An implementation of a Naive Bayesian Classifier in Python. Naive Bayes methods are a set of supervised learning algorithms based on applying Bayes’ theorem with the “naive” assumption of independence between every pair of features.This methods to classify documents, based on the words that appear within them. A common application for this type of software is in email spam filters.
S = the email is spam, H = the email is ham, W = the word
Background: Bayes Therom P(S|W) = (P(W|S)*P(S))/(P(W|S)*P(S)+P(W|H)*P(H))

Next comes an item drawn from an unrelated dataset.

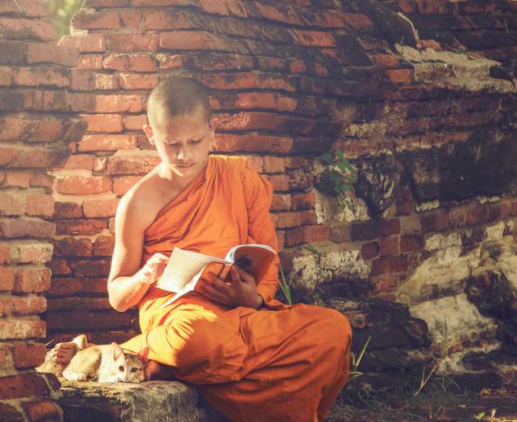 Les textes majeurs du bouddhisme ne mentionnent jamais les chats. Pourtant, ces derniers sont depuis longtemps présents dans les communautés bouddhistes : il n’est pas rare d’en voir vagabonder dans les temples, ou à proximité de ces derniers.

S = the email is spam, H = the email is ham, W = the word
- Pr(S|W) is the probability that a message is a spam, knowing that the word is in it;
- Pr(S) is the overall probability that any given message is spam;
- Pr(W|S) is the probability that the word "replica" appears in spam messages;
- Pr(H) is the overall probability that any given message is not spam (is "ham");
- Pr(W|H) is the probability that the word "replica" appears in ham messages.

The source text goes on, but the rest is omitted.